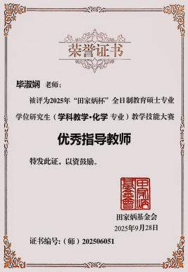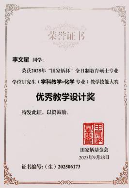 2025年9月26日至28日,全国“田家炳杯”全日制教育硕士专业学位研究生学科教学(化学)教学技能大赛决赛在哈尔滨师范大学举行。本次大赛汇聚了来自全国众多高校的优秀学子同台竞技。经过激烈角逐,我院学子表现优异,载誉而归。其中2024级学科教学(化学)专业硕士研究生孙一文荣获二等奖,李文星、李道燃荣获“优秀教学设计奖”,毕淑娴老师被评为“优秀指导教师”。
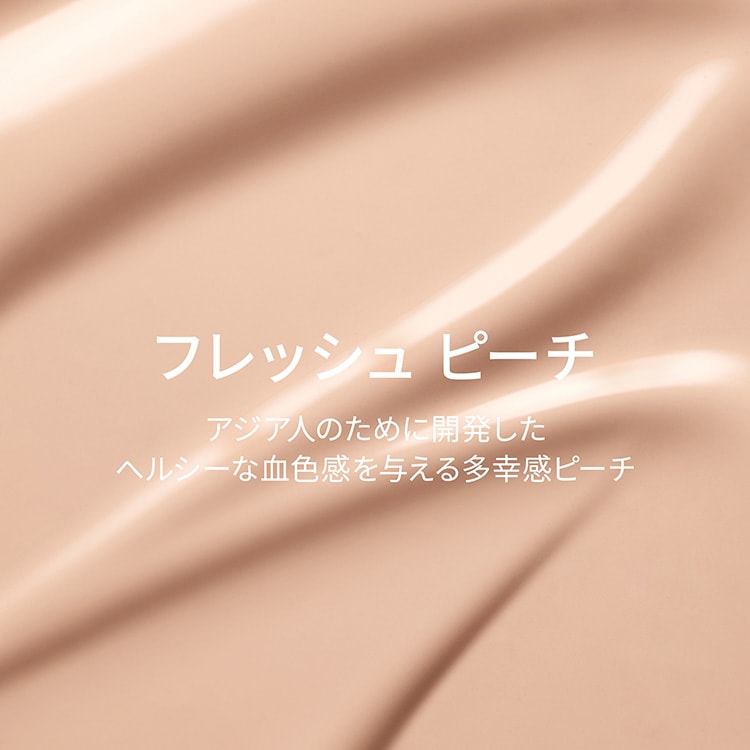 ブラウンやグレーがかった影をカバーし、やわらかなピンクピーチの色味で肌トーンのムラを整えます。
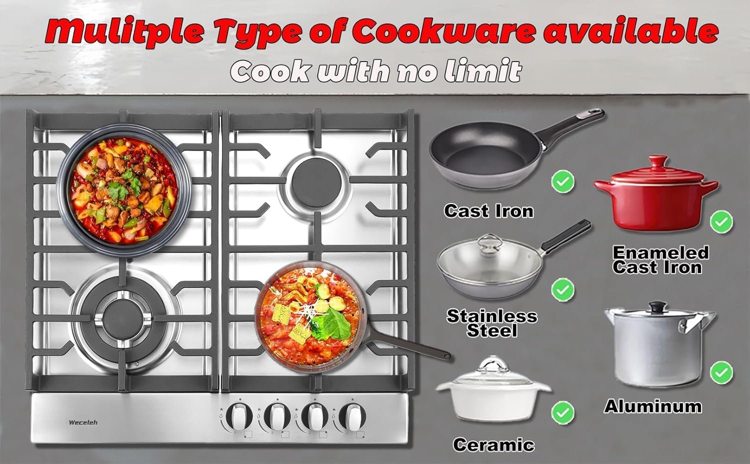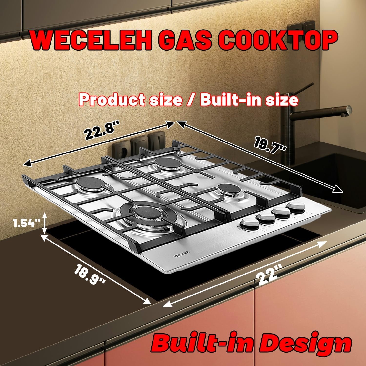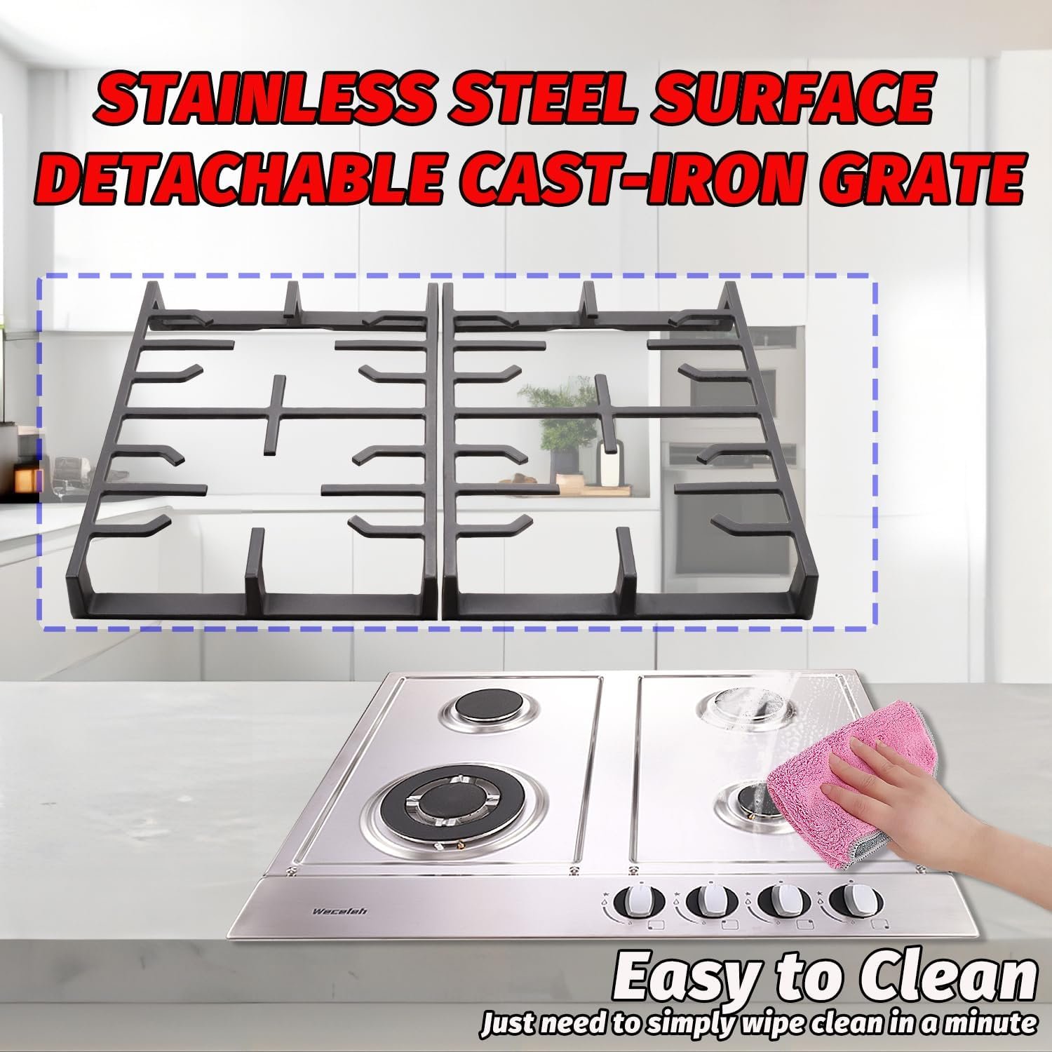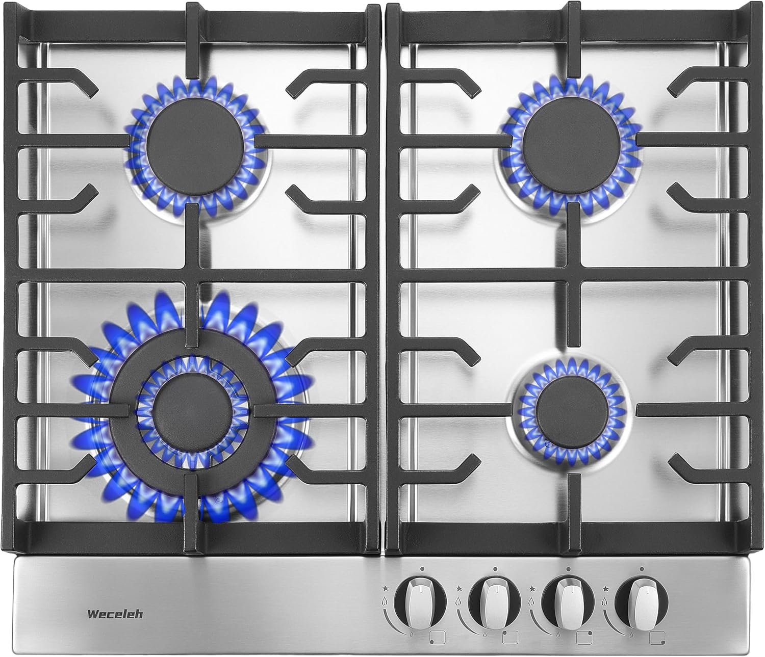 【Sturdy Construction & Thermocouple Protection】Weceleh 24 inch stainless steel gas stovetop has the heavy duty cast iron grate that is resistant to high temperatures and resists rusting, enhancing the beautiful appearance of the gas cooktop. If no flame is detected, the Thermocouple Flame Out Failure Detection (FFD) system will automatically shut off the gas.

AIM OF THE EXERCISE
Reproduce verbatim every line starting at the line that holds "ブラウンやグレーがかった影を" and ending with the final line of the data; omit the pictures.

RESULT OF THE EXERCISE
 ブラウンやグレーがかった影をカバーし、やわらかなピンクピーチの色味で肌トーンのムラを整えます。
 【Sturdy Construction & Thermocouple Protection】Weceleh 24 inch stainless steel gas stovetop has the heavy duty cast iron grate that is resistant to high temperatures and resists rusting, enhancing the beautiful appearance of the gas cooktop. If no flame is detected, the Thermocouple Flame Out Failure Detection (FFD) system will automatically shut off the gas.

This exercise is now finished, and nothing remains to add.